А эти бессовестные бухарики ко всему еще не отличались аппетитом. На столе у них присутствовал скупой минимализм: банка селедки в винном соусе, черный хлеб и копченая колбаска. Моментально у Изотопа еда стала накапливаться в геометрической прогрессии, она была и в тумбочке, и под кроватью, и в холодильнике. Потом и этого оказалось недостаточно, и запасы начали перекочевывать в холодильник и тумбочки нашей палаты. Можно было спокойно открывать в гастроэнтерологии что-то типа стола заказов, столь популярных в то время.

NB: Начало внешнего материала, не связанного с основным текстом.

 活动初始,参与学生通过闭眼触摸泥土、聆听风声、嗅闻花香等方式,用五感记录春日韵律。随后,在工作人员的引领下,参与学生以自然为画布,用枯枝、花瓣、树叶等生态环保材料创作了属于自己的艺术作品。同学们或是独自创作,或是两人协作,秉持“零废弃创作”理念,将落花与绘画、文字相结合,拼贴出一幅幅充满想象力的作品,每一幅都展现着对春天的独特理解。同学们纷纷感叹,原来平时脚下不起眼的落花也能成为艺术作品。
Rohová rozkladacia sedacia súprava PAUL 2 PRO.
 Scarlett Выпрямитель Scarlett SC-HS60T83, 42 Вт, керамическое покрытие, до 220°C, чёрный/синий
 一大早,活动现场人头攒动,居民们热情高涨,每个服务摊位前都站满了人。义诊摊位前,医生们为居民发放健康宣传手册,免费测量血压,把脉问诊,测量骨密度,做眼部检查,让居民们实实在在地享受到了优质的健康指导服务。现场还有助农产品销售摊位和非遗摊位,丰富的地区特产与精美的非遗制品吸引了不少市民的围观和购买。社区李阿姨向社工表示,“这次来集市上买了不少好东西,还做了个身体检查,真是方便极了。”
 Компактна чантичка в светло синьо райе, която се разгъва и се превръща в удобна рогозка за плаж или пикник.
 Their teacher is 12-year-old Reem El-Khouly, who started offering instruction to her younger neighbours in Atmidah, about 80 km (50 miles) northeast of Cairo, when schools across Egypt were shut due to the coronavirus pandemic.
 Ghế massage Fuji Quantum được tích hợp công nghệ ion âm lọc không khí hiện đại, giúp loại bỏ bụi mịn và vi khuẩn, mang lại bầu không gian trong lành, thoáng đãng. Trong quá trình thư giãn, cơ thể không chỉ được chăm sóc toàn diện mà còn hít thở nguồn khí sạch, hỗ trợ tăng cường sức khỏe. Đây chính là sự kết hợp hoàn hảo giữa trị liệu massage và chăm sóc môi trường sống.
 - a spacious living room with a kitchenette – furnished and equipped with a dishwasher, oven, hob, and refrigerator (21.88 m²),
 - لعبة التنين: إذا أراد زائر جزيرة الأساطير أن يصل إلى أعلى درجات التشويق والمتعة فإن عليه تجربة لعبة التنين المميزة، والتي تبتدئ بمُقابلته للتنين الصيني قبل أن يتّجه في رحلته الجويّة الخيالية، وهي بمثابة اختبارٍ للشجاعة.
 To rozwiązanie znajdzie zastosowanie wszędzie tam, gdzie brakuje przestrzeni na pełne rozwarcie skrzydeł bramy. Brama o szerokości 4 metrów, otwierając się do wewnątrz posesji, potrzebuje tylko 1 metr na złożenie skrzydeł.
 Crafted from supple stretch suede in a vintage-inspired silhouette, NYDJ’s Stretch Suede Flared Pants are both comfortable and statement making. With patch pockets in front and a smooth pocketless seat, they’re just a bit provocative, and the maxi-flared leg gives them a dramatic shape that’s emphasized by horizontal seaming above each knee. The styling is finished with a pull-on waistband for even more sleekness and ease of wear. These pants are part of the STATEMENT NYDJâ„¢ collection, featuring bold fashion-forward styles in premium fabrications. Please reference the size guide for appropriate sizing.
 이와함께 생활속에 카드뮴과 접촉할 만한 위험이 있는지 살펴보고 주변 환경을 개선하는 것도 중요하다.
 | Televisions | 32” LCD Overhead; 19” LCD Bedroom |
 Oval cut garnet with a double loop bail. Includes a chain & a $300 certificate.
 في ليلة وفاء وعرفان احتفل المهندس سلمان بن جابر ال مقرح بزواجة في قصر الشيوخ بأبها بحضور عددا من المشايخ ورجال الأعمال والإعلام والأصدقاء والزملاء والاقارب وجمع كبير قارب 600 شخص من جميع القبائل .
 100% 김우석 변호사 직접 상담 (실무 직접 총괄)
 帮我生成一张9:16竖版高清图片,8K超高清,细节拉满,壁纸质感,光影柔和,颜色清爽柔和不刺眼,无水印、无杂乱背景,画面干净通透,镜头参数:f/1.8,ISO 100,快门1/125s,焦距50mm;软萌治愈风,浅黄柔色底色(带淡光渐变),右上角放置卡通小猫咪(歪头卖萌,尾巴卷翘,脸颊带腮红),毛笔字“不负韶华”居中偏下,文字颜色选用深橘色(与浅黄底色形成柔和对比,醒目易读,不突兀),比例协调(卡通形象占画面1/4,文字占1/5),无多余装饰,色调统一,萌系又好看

Наступил праздник 1 Мая. И здесь у наших друзей не заладилось. Единственную бутылку водки они оприходовали еще до завтрака, а обещанную добавку по какой-то причине закадычные друзья не подвезли, более того, как выяснилось, они смотались на свои дачи, что было пределом коварства.

Тут, наконец, они вспомнили про меня.

— Леха, твою мать, ты же в этой больнице работаешь, достань нам спирта, не видишь разве — трубы горят!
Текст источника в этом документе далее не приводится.